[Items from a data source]
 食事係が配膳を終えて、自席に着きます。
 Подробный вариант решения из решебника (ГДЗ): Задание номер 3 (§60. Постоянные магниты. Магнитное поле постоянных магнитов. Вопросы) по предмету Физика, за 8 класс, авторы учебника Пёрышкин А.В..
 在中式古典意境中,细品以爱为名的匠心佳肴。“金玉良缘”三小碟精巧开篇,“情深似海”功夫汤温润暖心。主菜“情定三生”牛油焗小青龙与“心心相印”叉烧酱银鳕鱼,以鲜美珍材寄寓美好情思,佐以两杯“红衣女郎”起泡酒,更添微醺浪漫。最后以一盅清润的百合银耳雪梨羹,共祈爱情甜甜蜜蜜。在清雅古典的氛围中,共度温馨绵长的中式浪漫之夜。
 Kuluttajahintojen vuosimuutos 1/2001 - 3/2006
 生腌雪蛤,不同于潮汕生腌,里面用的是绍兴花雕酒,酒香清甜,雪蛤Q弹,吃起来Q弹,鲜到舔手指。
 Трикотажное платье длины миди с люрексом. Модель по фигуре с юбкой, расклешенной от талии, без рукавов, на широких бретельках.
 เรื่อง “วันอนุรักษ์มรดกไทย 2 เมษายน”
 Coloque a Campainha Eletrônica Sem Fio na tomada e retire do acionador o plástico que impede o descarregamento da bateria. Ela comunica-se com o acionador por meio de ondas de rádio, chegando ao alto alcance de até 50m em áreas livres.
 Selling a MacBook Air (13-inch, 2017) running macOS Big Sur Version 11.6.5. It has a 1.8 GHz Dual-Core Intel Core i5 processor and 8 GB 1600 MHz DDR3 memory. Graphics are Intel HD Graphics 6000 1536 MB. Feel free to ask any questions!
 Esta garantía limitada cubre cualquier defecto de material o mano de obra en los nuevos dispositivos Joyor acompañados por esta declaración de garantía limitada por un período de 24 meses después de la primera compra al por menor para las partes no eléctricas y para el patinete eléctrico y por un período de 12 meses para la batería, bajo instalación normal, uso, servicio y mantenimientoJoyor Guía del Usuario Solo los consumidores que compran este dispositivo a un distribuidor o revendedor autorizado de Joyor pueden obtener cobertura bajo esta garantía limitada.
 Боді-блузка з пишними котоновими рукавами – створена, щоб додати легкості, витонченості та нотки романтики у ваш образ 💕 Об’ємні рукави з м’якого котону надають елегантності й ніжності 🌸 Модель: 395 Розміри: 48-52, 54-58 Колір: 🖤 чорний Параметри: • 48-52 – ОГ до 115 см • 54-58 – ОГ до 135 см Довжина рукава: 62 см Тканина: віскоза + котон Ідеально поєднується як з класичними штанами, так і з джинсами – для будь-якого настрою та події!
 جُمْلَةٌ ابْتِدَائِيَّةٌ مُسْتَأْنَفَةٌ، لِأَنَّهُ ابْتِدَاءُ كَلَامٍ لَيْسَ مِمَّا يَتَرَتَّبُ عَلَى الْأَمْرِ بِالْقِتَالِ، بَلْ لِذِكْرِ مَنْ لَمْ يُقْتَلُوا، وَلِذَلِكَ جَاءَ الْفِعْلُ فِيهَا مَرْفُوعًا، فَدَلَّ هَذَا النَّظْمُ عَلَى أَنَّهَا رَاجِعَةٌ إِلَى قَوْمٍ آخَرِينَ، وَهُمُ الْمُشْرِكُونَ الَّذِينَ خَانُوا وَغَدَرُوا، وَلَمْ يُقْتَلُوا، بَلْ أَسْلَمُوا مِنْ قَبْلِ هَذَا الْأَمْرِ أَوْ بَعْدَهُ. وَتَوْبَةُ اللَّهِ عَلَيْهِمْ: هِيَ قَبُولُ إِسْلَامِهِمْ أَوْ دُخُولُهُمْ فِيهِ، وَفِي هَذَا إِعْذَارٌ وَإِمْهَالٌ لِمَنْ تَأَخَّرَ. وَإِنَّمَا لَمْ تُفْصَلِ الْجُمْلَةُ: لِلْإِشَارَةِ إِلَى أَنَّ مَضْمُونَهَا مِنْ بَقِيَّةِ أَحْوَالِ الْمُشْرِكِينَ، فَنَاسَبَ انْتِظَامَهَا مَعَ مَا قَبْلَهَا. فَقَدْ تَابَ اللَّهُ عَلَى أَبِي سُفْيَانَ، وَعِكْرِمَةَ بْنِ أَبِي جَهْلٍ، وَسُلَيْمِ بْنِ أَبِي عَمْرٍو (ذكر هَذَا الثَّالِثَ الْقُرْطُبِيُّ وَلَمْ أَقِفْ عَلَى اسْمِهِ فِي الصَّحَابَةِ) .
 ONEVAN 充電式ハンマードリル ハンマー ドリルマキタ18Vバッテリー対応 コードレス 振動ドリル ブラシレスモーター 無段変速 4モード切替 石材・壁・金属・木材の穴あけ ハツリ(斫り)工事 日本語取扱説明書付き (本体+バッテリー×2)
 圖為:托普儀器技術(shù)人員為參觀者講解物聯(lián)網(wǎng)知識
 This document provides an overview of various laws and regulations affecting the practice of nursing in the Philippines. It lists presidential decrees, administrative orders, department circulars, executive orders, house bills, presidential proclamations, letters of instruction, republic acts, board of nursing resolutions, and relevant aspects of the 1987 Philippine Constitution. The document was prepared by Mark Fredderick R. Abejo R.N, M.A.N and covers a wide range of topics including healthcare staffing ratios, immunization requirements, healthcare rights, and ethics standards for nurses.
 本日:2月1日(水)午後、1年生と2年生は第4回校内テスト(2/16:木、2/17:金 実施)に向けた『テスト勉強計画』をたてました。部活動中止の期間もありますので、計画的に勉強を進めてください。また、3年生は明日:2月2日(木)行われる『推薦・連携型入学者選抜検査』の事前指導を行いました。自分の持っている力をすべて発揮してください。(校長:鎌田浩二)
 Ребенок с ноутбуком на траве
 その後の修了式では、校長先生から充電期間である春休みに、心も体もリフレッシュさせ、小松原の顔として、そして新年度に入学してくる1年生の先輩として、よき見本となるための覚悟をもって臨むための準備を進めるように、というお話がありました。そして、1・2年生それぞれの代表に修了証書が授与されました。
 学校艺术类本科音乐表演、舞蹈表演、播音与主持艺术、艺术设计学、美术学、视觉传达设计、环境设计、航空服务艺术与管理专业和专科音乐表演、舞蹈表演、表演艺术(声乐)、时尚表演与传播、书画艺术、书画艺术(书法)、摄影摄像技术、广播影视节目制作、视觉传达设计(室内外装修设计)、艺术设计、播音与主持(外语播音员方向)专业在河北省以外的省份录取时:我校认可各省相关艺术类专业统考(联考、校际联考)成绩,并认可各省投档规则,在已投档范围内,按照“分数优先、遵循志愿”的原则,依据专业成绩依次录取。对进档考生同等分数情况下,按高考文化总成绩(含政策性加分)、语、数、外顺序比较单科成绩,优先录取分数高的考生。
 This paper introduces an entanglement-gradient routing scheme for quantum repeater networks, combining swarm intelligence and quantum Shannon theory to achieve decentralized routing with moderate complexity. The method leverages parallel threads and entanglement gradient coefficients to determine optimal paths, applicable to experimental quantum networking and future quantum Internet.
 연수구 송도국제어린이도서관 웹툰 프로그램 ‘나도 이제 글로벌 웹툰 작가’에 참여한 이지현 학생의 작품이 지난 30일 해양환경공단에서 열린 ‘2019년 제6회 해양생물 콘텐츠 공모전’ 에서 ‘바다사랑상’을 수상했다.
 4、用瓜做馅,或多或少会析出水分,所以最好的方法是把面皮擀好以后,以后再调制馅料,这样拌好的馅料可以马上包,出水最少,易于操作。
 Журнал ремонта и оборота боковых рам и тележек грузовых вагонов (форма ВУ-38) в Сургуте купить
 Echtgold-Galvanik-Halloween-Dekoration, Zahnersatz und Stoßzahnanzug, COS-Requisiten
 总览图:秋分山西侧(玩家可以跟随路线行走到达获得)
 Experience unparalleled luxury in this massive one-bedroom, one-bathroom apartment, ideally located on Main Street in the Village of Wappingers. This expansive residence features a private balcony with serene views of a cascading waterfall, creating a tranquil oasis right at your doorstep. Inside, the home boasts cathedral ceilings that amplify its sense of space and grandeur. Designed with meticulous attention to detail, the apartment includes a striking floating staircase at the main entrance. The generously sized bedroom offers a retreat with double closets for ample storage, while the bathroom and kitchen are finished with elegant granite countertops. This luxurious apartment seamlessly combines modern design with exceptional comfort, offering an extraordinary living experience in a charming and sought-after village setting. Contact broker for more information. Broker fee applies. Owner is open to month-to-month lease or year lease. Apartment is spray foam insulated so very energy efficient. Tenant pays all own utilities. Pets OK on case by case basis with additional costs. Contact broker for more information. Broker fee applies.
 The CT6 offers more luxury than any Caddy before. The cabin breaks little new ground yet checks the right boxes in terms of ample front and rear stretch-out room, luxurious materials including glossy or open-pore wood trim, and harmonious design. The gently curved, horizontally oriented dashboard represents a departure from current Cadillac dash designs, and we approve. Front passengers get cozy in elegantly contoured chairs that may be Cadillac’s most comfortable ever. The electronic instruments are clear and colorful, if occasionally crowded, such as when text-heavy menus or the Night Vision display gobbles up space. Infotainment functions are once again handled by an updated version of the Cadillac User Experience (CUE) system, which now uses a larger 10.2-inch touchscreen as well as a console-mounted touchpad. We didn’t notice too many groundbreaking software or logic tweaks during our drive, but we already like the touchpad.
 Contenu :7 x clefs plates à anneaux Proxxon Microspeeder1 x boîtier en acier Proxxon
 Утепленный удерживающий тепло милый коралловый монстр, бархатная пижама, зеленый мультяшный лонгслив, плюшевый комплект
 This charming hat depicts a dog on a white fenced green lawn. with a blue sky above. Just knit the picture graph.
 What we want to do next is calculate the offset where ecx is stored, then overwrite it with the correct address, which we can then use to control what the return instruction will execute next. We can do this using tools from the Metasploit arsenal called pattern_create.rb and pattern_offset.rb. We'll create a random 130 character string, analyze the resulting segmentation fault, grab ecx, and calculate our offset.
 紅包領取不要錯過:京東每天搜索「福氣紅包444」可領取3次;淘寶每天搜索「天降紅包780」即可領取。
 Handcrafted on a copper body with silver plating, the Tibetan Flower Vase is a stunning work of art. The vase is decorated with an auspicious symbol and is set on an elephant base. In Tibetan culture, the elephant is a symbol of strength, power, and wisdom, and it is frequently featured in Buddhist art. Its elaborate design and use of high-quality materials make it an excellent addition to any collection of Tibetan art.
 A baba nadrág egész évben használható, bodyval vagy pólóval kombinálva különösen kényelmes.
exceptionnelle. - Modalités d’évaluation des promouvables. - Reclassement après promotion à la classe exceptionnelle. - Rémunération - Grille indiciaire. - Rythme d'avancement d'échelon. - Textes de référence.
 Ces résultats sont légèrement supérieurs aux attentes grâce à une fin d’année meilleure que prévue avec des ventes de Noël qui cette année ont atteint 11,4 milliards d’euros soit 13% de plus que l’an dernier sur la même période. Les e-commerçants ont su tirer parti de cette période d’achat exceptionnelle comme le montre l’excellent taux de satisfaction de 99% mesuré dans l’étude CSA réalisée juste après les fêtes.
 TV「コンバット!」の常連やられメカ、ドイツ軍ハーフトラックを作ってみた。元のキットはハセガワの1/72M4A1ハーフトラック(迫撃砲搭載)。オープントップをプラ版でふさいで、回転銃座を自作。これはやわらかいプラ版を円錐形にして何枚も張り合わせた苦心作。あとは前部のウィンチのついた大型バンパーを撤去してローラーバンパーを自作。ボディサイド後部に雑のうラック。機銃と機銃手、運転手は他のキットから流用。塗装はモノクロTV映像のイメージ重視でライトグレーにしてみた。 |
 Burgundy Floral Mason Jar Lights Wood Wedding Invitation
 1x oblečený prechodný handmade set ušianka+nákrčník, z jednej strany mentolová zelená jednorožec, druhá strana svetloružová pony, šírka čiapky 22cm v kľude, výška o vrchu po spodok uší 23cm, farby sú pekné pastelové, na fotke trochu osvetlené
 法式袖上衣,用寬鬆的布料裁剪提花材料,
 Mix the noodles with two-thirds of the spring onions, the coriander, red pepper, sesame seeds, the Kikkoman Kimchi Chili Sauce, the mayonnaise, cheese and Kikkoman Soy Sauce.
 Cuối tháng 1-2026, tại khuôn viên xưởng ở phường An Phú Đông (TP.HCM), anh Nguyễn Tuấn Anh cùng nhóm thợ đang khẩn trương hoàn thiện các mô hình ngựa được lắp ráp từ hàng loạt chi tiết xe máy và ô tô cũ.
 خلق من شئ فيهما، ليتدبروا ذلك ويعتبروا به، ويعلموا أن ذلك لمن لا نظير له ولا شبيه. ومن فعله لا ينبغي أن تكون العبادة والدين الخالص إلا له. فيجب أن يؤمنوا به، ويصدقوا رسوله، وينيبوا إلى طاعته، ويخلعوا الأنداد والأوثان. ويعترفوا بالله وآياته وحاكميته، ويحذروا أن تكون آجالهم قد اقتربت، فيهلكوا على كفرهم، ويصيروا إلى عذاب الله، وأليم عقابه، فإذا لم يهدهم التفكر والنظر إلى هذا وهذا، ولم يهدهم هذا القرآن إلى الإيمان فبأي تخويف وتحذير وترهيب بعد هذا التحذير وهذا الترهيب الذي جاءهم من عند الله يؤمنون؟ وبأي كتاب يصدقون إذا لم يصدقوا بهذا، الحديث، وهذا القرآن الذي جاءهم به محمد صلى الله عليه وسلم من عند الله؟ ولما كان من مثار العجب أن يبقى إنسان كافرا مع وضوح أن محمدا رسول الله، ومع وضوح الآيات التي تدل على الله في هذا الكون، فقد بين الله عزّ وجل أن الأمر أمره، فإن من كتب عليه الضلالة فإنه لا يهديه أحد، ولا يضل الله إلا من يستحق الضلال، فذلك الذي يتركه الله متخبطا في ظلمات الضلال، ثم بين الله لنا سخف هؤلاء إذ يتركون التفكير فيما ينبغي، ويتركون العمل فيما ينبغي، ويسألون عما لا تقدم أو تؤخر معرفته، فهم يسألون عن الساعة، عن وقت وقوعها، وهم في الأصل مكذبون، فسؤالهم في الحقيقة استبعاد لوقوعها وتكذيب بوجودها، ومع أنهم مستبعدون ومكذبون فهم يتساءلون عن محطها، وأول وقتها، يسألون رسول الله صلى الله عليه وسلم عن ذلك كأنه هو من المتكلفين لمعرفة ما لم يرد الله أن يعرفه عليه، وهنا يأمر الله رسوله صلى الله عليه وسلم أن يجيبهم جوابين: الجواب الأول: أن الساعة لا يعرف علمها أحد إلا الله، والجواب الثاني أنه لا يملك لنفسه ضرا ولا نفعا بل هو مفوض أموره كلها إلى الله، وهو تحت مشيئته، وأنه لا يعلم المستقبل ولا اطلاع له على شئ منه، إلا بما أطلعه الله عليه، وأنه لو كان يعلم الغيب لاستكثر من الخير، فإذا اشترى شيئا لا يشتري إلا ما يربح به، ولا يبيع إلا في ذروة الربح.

# Work instruction
Set the entries down again exactly, beginning with their first line and ending with the line that contains "Coloque a Campainha"; omit all other lines.

# Answer space
 食事係が配膳を終えて、自席に着きます。
 Подробный вариант решения из решебника (ГДЗ): Задание номер 3 (§60. Постоянные магниты. Магнитное поле постоянных магнитов. Вопросы) по предмету Физика, за 8 класс, авторы учебника Пёрышкин А.В..
 在中式古典意境中,细品以爱为名的匠心佳肴。“金玉良缘”三小碟精巧开篇,“情深似海”功夫汤温润暖心。主菜“情定三生”牛油焗小青龙与“心心相印”叉烧酱银鳕鱼,以鲜美珍材寄寓美好情思,佐以两杯“红衣女郎”起泡酒,更添微醺浪漫。最后以一盅清润的百合银耳雪梨羹,共祈爱情甜甜蜜蜜。在清雅古典的氛围中,共度温馨绵长的中式浪漫之夜。
 Kuluttajahintojen vuosimuutos 1/2001 - 3/2006
 生腌雪蛤,不同于潮汕生腌,里面用的是绍兴花雕酒,酒香清甜,雪蛤Q弹,吃起来Q弹,鲜到舔手指。
 Трикотажное платье длины миди с люрексом. Модель по фигуре с юбкой, расклешенной от талии, без рукавов, на широких бретельках.
 เรื่อง “วันอนุรักษ์มรดกไทย 2 เมษายน”
 Coloque a Campainha Eletrônica Sem Fio na tomada e retire do acionador o plástico que impede o descarregamento da bateria. Ela comunica-se com o acionador por meio de ondas de rádio, chegando ao alto alcance de até 50m em áreas livres.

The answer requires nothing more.